Discover eliminates fees on bank accounts
Discover is doing away with fees of any kind on its checking, savings, money market and certificate of deposit accounts.
The move would be a first for a large bank and comes as smaller online fintechs offer no-fee options and highyield savings to woo younger and more price-conscious Americans.
Going forward, Discover won’t charge fees for monthly maintenance, checkbook orders, replacement debit cards, insufficient funds, excessive withdrawals, falling below minimum balances and stop-payment requests.
The change will affect the bank’s 1 million customers who have a Discover deposit account and comes after the bank piloted a program that forgave the first fee a customer incurred.

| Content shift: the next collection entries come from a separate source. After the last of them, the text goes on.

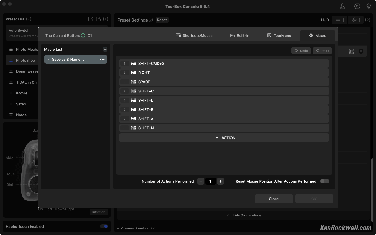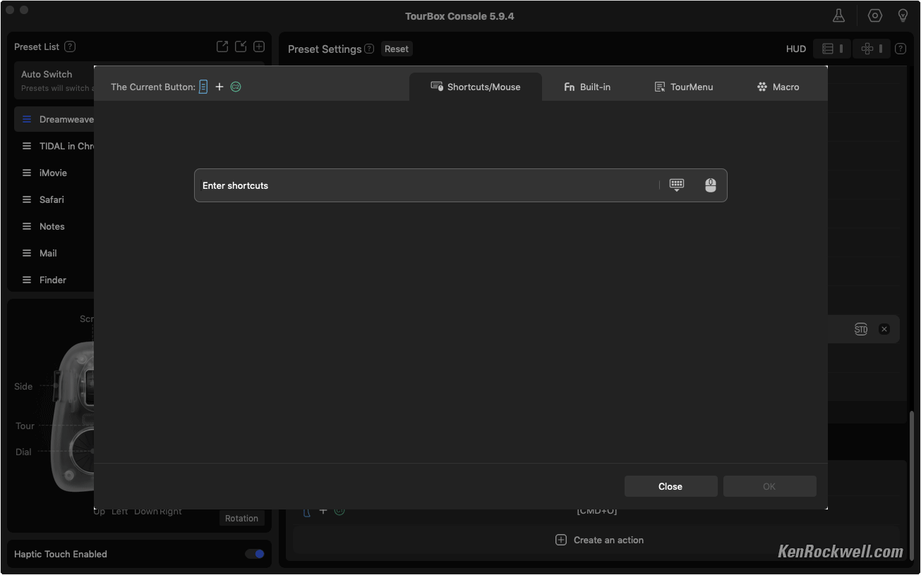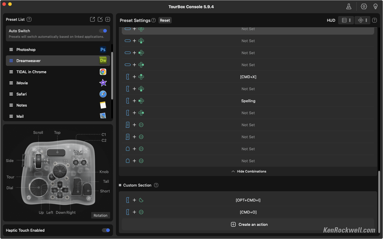This weird looking thing is one of the most amazing computer time-savers I've ever used. It adds a fourth dimension of control and speed to everything I do on a computer. The app is so simple and well written that it makes this a complete dream.This crazy-looking thing adds a bazillion programmable knobs and dials and buttons that let me work much faster in every app on my Mac. It also works with iPad, Android and PC. It lets me work faster and get much more done in less time with far fewer keystrokes. It replaces multifinger two-hand contortions (like CTL+SHIFT+TAB to swap tabs in Safari) with just one tap or a click of a dial. It lets me use a knob to glide along timelines in video editing or scroll lists in Mail and Finder, have three separate, dedicated knobs for image zoom (with dedicated buttons for 100% and fit-to-screen), brush size and hardness in Photoshop, and do everything that used to take multiple fingers and two hands (like uploading a page SHIFT+CMD+U here in Dreamweaver as I write this) with just a single dedicated click. I even have one button programmed to SAVE AS (SHIFT+CMD+S) and then go to the end of the file name and add "-EDITED" to the file name as I save edited versions in Photoshop — all with one tap. I just sorted through 4,000 photos in Photo Mechanic, and my TourBox made it much faster using its knobs to move through images rather than clicking my arrow keys 4,000 times. My left hand spun two knobs (one for fast and one for slow running through the images) while my right hand ran my mouse, which is much faster than having to move my right hand between my mouse and the arrow keys. I program other dedicated buttons let me select my subject (OPT+CMD+W; like I can remember that?) or play a particular complex Action, like the one that resizes images to 1,200 pixels, sharpens them just how I like it, select exactly the font and dropshadows and strokes and transparencies I like to use to add ©KenRockwell.com on my images — all with just one tap in Photoshop. When you work on your Mac all day as I do, this saves me boatloads of time and I get much more done. I'm not proud; I program single keys to cut, copy and paste so I don't have to use two-finger CMD+X, CMD+C and CMD+V gyrations all day! You know how I'm a crusader for dedicated controls, and this is Heaven! While it's sold mostly for people who work in Photoshop, video editing and graphics all day, it's trivially easy to program to work with every and any app, like Mail, Finder, Photo Mechanic and Web Browsers. This system works like an immensely flexible and programmable external keyboard and mouse which can have every knob and button programmed to do pretty much anything you could do the hard way, now with one click. Each direction of each of the three knobs is programed separately. While most of us will program a knob to be opposite things like zoom-in and zoom-out, it's just as easy to program each direction to do something totally different. It’s not just about the nutty controller seen above; it’s even more about the brilliant companion TourBox Controller app that recognizes in what app I’m working and magically recalls (or lets me program settings) particular to that app: Some of the TourBox Console App (Mac). Note how it's selected Photoshop, in which I was working when I grabbed this screen. bigger. While cameras have many buttons that can be programmed, this included TourBox Console app lets me program any of its buttons and dials to do anything. Unlike cameras which offer only a small set of potential options for only some of a camera's few buttons, this app lets me program every one of its 11 dedicated buttons, every direction of all of its three dials as well as three more center-clicks in these dials, to do anything any combination of keyboard commands would do. I'm pretty good at programing macros (combinations of things that happen when you make a click) and Photoshop Actions to do all the complex things I do pretty quickly with just a few clicks and keystrokes, while this thing lets me do each with just one click! It's astonishing how it lets every possible key or dial (or any combination of keys and dials) be programmed to any combination of keyboard keystrokes or mouse actions. It has numerous options for how fast a dial responds or if it has clicks or not (or how strong), and if these actions repeat or not, or when they take affect (key up or down or...). Yes, you can program entirely different things to different combinations of controls on this box, so holding a button while spinning a knob can do something completely different than just the button or knob alone. It's super easy to get up and running and absolutely brilliant! I very quickly had it up and programed before I realized what had happened. The whole thing is completely intuitive. Some people worry about having preloaded presets in the app for certain software like DaVinci Resolve and Final Cut Pro (which it does) — but I don't. I've never been a fan of presets; instead, I simply program all the buttons as I want them as I use each program, which makes it much more intuitive. We all use each app differently so using provided presets are unlikely to be ideal for anyone. I suggest everyone program it as we use each program, including Mail and Finder and music players and it’s AWESOME! Don't be concerned if TourBox has no preset for any particular program. It comes in various versions; I got the fanciest one and use all of these controls. More basic models have fewer controls or lack Bluetooth. I'd get mine at Amazon, at B&H or at eBay (How to Win at eBay).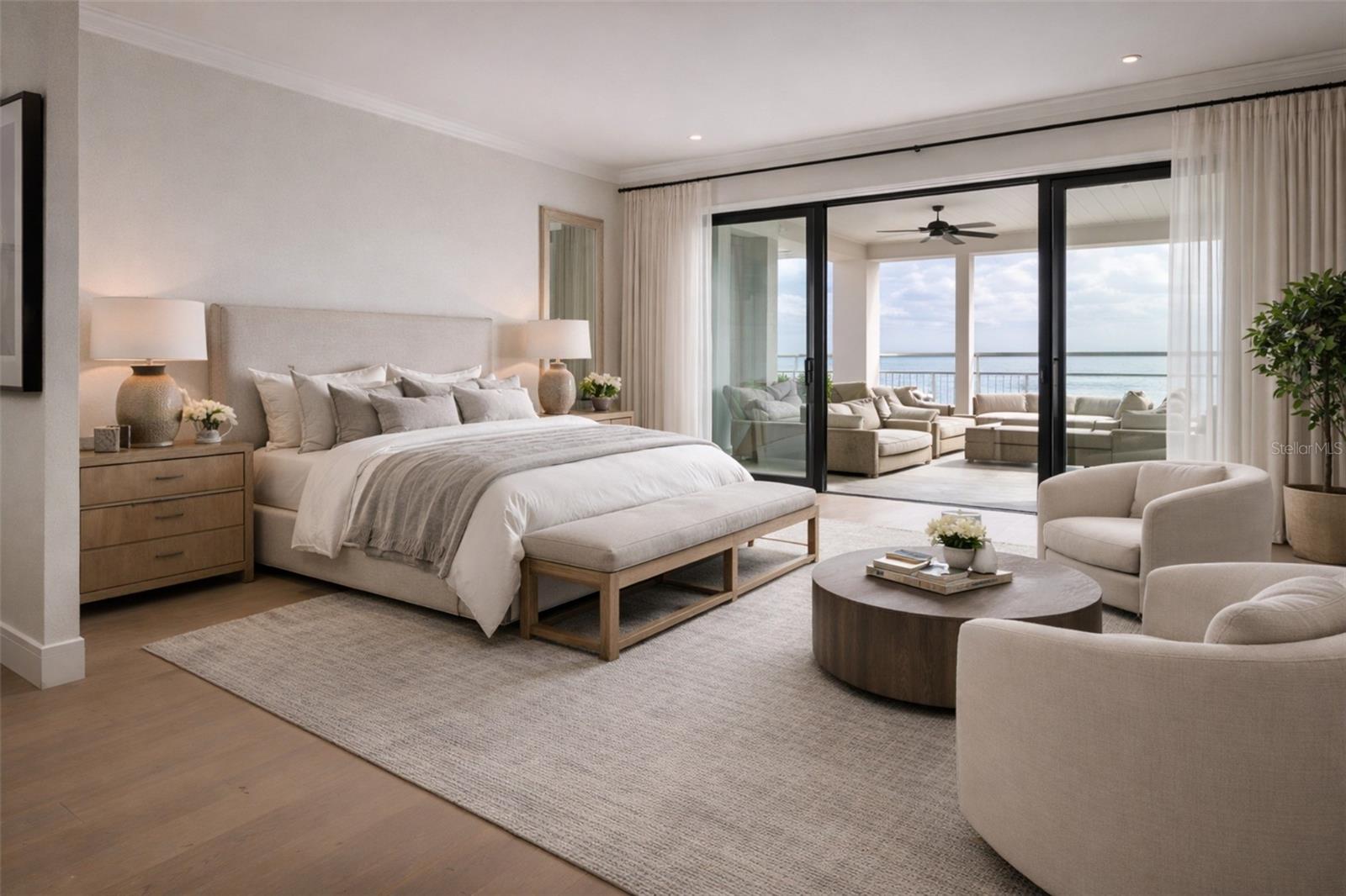 A dramatic open-concept floor plan seamlessly connects the main living spaces, creating an ideal setting for both everyday living and grand entertaining. The chef’s kitchen anchors the home with an elite appliance package, expansive center island with seating for five, custom cabinetry, and a large walk-in pantry, all overlooking the water for an inspired culinary experience. A climate-controlled, glass-enclosed wine room adds a striking architectural statement and refined touch.
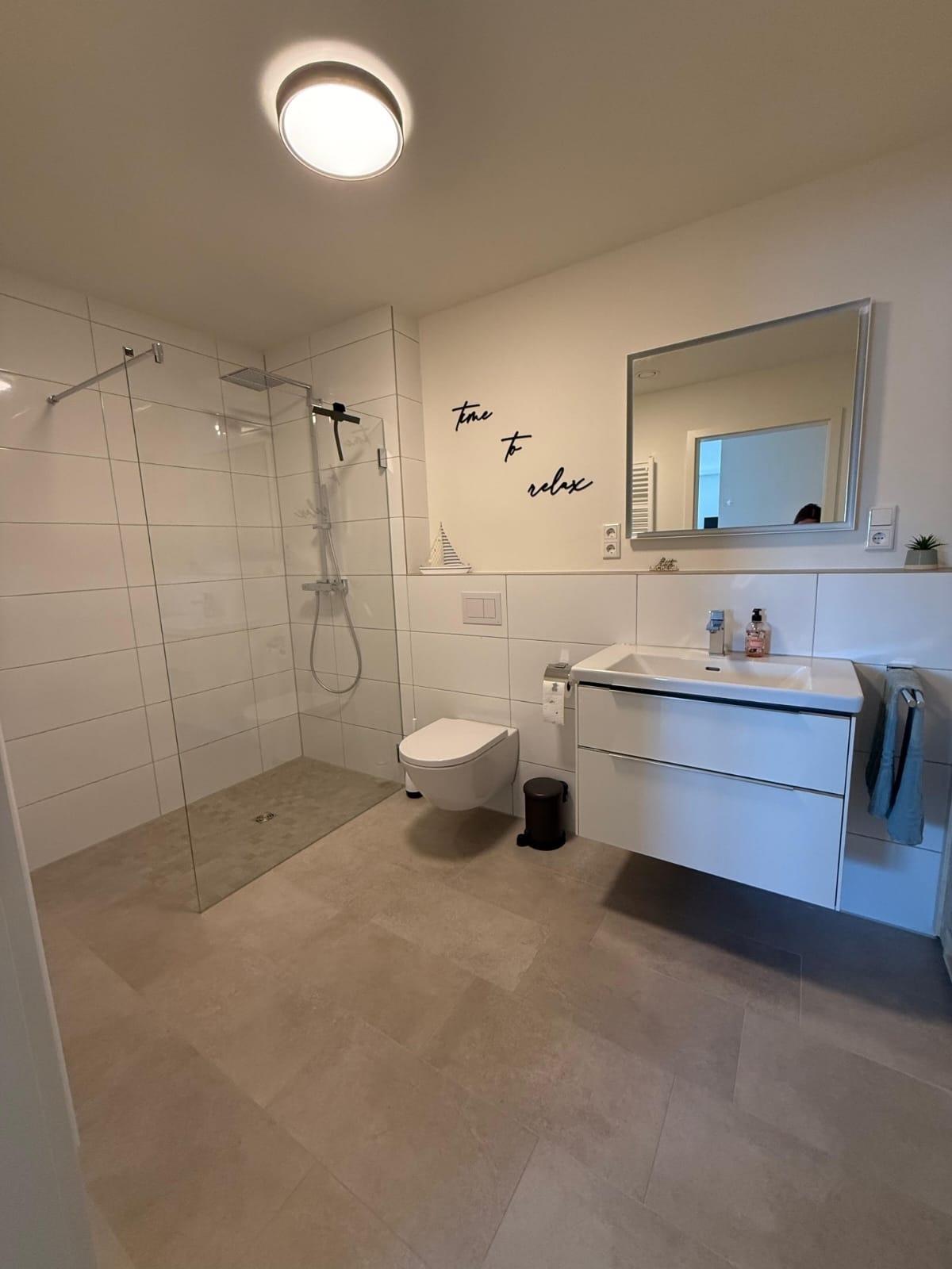 Mit 2 Schlafzimmern, welche alle mit einem Boxspringbett (Matratzengröße für Bettlaken 180cm x 200cm) ausgestattet sind, finden bis zu 4 Erwachsene gemütlich Platz. Ein Reisebett, sowie ein Hochstuhl für kleine Gäste, ist vorhanden. Das Wohnzimmer und beide Schlafzimmer sind mit einem Smart TV ausgestattet. Eine komplett bestückte Küche, eine Waschmaschine, ein Trockner und viele zusätzliche Extras befinden sich in der 93m² großen Unterkunft.

“What we keep hearing resoundingly – and not just from millennials and Gen Z – is that there’s been a fundamental change in how people think about fees,” said Arijit Roy, vice president of deposits at Discover. “They create a very negative emotion, so we thought we take the next step to eliminate all fees.”
No-fee checking
The average fee banks charge to maintain a checking account is $13.58 per month, or $162.96 a year, according to a February MoneyRates.com survey. The percentage of checking accounts without monthly fees dipped to 30.40%, down from 31.78% six months ago, the survey also found.
Online banks are more likely to offer free checking.
Almost two-thirds of online checking accounts have no monthly fees compared with just a quarter of traditional, branch-based accounts. When online checking accounts charge monthly maintenance fees, they are often lower than those charged by branch-based accounts, MoneyRates found.